The 12-year study included 102,400 female American nurses. When the study started in 1989, the nurses were 24 to 44 years old. They reported their current height and weight, their height and weight at age 18, and their history of smoking, drinking alcohol, and physical activity.
The nurses were then followed for 12 years by the researchers, who included Rob van Dam, PhD, of the nutrition department at Harvard School of Public Health.
Rare Cases of Premature Death
The vast majority of participants were still alive at the end of the follow-up period, regardless of weight.
However, 710 nurses -- less than 1 percent of the entire group -- died during the follow-up period. Given their young age -- 56 years old, at most -- the researchers considered all of those deaths to be premature.
Premature death risk was higher for nurses who had been overweight or obese at age 18, even if they had only been moderately overweight based on their BMI (body mass index, a ratio of weight to height).
But the bottom line may not be quite that simple. As an observational study, the results don’t show whether being overweight directly caused the deaths.
The study did not separate out the premature death risk in women who had been overweight at 18 but lost their extra weight before joining the study.
Women who were overweight or obese as teens were more likely to be overweight at the start of the study, smoke cigarettes, drink greater amounts of alcohol, and avoid vigorous physical activity during adolescence.
Adjusting for those factors didn’t change the study’s results. Adult BMI didn’t totally explain the findings either, note van Dam and colleagues.

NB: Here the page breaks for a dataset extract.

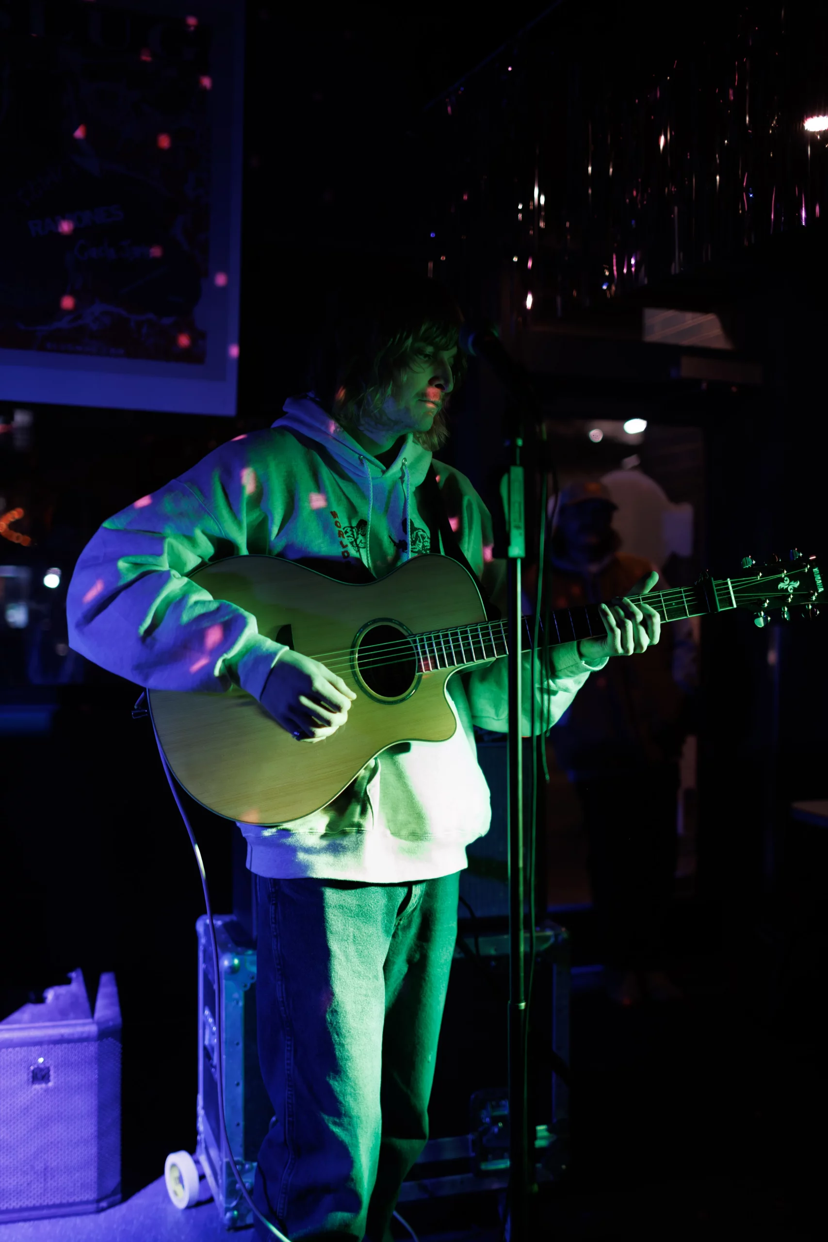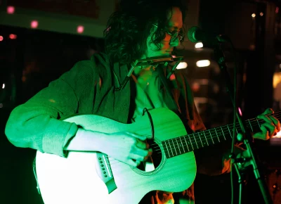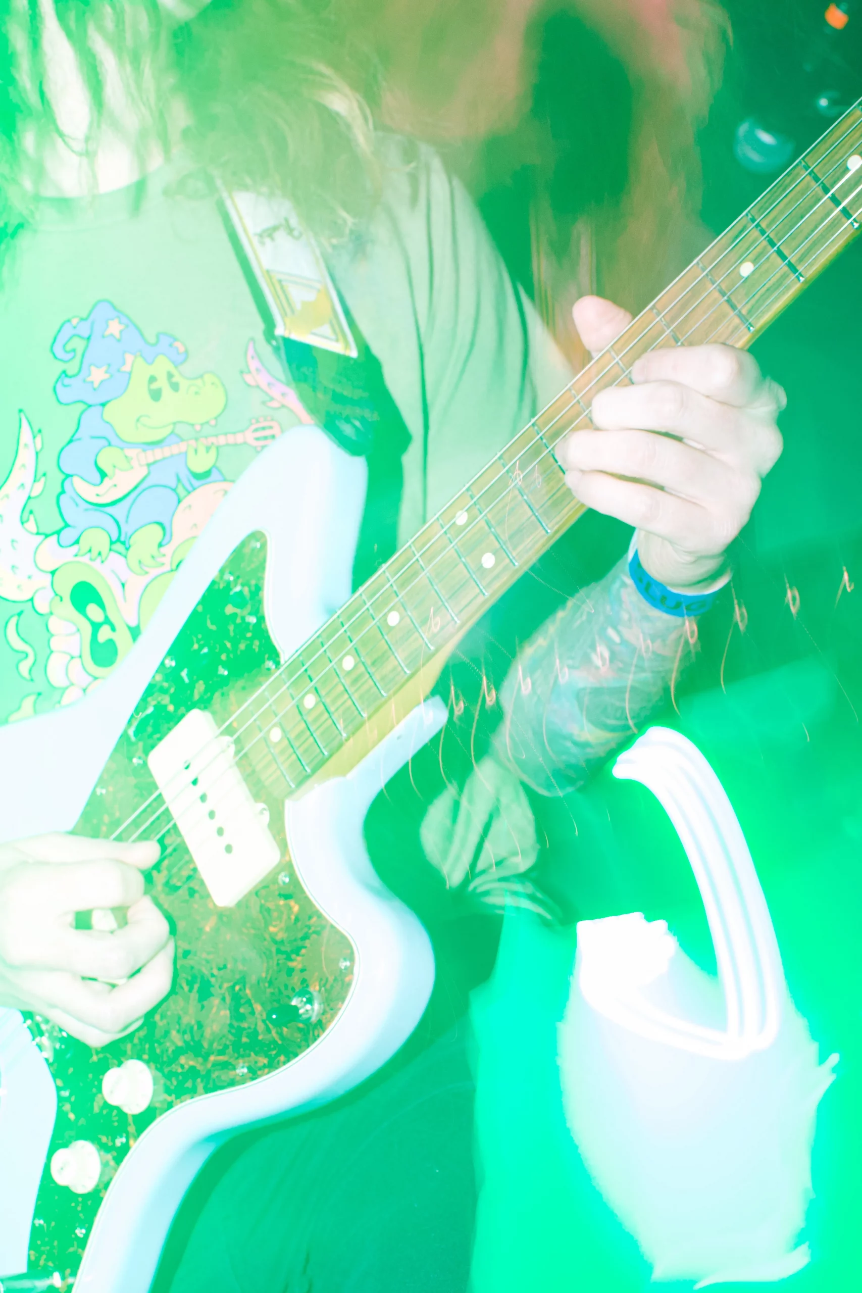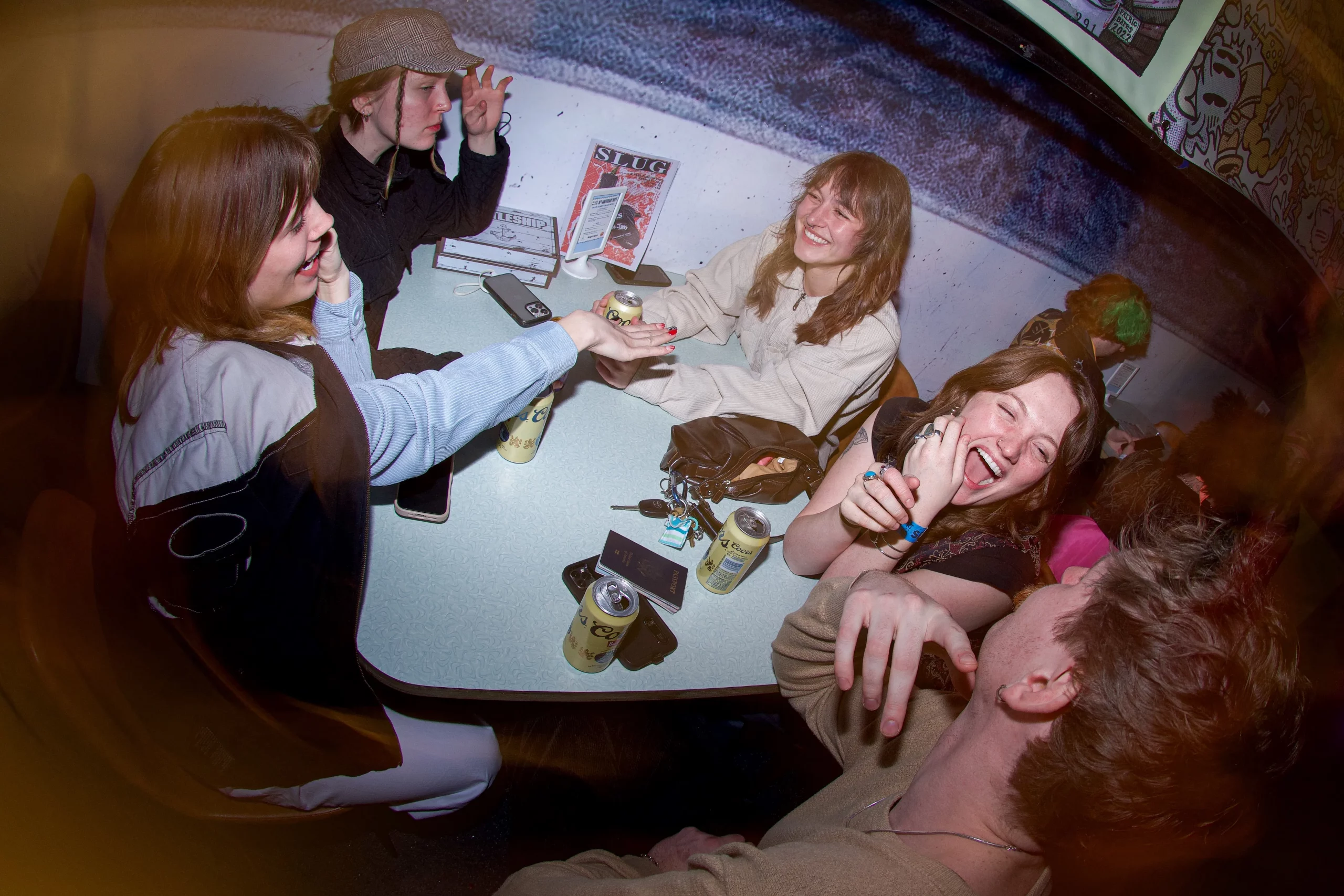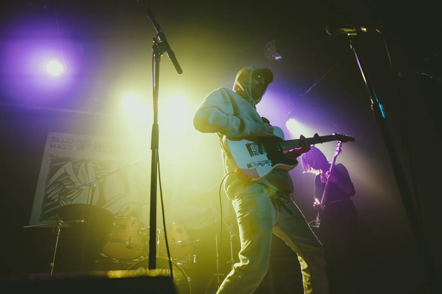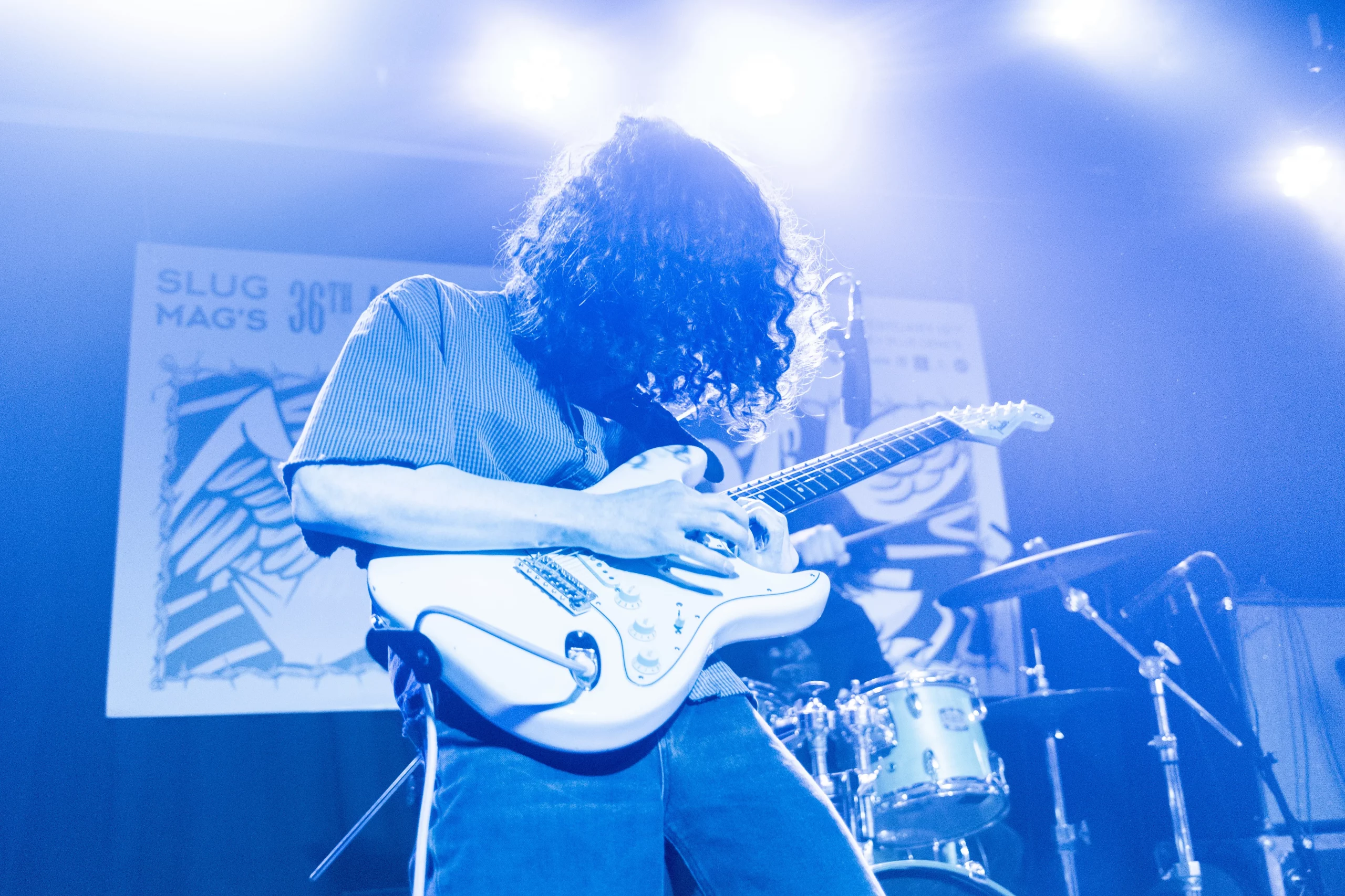 Guests who joined the party came from all walks and musical tastes, from headbanging punk rockers to lo-fi retro enjoyers. Those who really wanted a night to remember could get their own piece of SLUG Magazine merch, including a freshly screen-printed T-shirt by Ritual Print Company with February’s issue cover right on the chest. In between sets, guests could even listen to a special, live-recorded episode of our popular podcast SLUG Soundwaves, as Producer Nathan Mcquiveyand Assistant Editor William Hugheschit-chatted with bands fresh off the high of a live set.

They caution that the results need to be confirmed in other groups, since most of the nurses were white and because self-reported data isn’t always accurate. For instance, the researchers found some underreporting of weight when they checked some of the nurses’ medical records.
The journal includes an editorial by the CDC’s William Dietz, MD, PhD. He didn’t work on van Dam’s study.
Dietz notes that “the reported effect of overweight on death has been controversial.” But he sees little argument about links between obesity and adult diseases such as diabetes and heart disease.
Losing extra weight may lower those risks, Dietz points out. For instance, he writes that losing 10 percent of body weight can help curb obesity-related high blood pressure, blood fat problems, and glucose (blood sugar) intolerance.
The best strategy, Dietz says, is to help kids avoid gaining extra weight in the first place. He offers these suggestions:
Parents should limit high-calorie foods and TV time for kids. Schools can restore physical education classes and offer healthy foods. Communities should boost access to recreational facilities.
If your teen years are long behind you, and you’re still carrying extra pounds, don’t despair. Your doctor can gauge your health and talk about changes that might improve it.
By Miranda Hitti, reviewed by Louise Chang, MD
SOURCES: van Dam, R. Annals of Internal Medicine, July 18, 2006; vol 145: pp 91-97. Dietz, W. Annals of Internal Medicine, July 18, 2006; vol 145: pp 145-146. News release, Harvard School of Public Health.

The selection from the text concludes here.